* Action item:
Beginning at the line containing "Die Überlegungen und", repeat each line below exactly up to and including the line containing "The spectator A". Do not repeat the pictures.

== Supplied entries

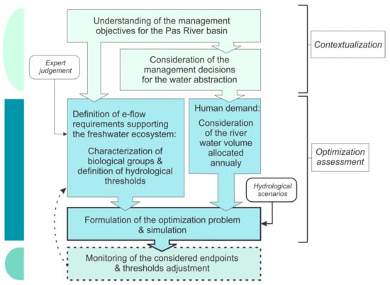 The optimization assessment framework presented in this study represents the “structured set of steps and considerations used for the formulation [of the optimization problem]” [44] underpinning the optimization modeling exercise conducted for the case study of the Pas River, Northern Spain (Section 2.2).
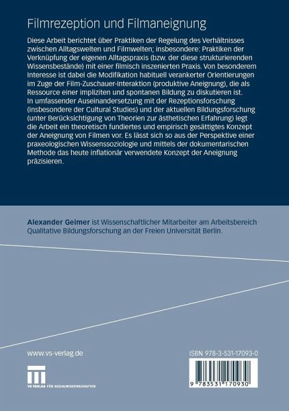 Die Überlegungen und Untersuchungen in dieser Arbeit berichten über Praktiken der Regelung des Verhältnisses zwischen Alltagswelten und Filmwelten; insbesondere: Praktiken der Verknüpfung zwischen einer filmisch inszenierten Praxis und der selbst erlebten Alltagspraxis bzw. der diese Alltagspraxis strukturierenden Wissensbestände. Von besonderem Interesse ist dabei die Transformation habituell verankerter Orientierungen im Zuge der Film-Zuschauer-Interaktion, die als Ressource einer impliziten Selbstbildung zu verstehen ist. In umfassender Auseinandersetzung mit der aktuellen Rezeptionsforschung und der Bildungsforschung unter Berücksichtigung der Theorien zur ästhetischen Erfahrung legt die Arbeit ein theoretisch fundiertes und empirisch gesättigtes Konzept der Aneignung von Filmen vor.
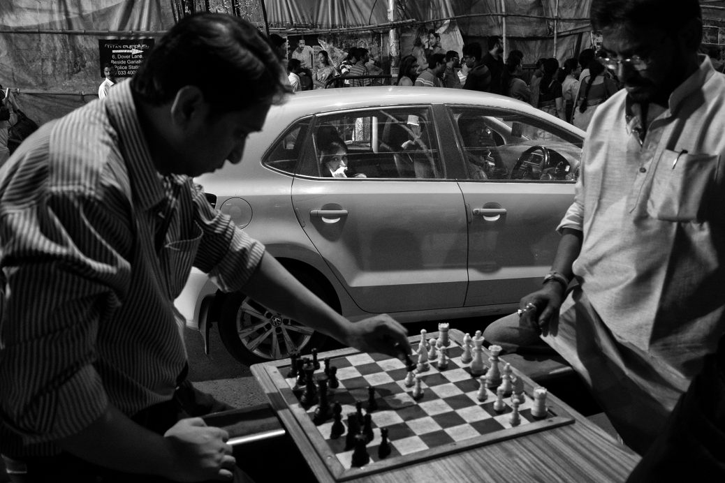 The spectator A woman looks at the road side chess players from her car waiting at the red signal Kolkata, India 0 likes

====
== Supplied entries

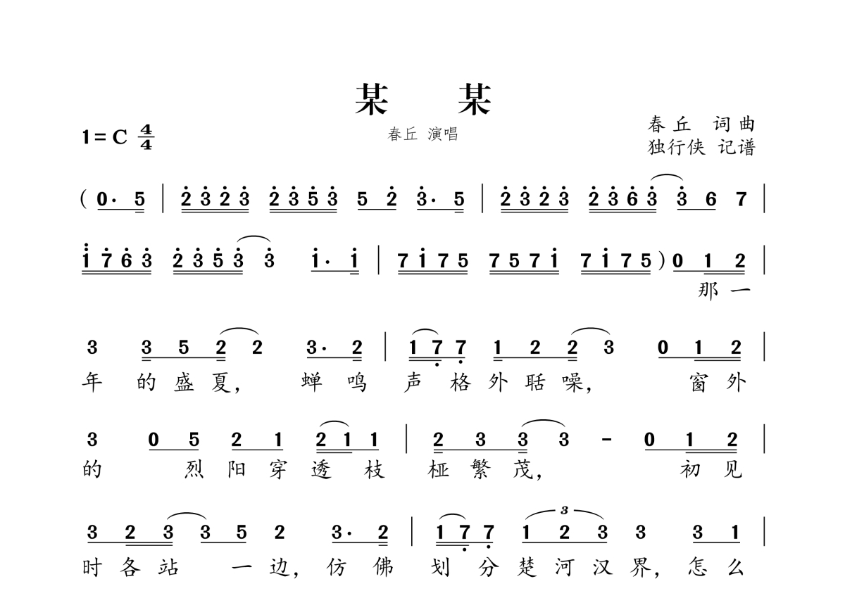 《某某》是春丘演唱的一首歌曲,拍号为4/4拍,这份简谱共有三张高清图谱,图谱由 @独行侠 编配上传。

====

* Exercise response:
 Die Überlegungen und Untersuchungen in dieser Arbeit berichten über Praktiken der Regelung des Verhältnisses zwischen Alltagswelten und Filmwelten; insbesondere: Praktiken der Verknüpfung zwischen einer filmisch inszenierten Praxis und der selbst erlebten Alltagspraxis bzw. der diese Alltagspraxis strukturierenden Wissensbestände. Von besonderem Interesse ist dabei die Transformation habituell verankerter Orientierungen im Zuge der Film-Zuschauer-Interaktion, die als Ressource einer impliziten Selbstbildung zu verstehen ist. In umfassender Auseinandersetzung mit der aktuellen Rezeptionsforschung und der Bildungsforschung unter Berücksichtigung der Theorien zur ästhetischen Erfahrung legt die Arbeit ein theoretisch fundiertes und empirisch gesättigtes Konzept der Aneignung von Filmen vor.
 The spectator A woman looks at the road side chess players from her car waiting at the red signal Kolkata, India 0 likes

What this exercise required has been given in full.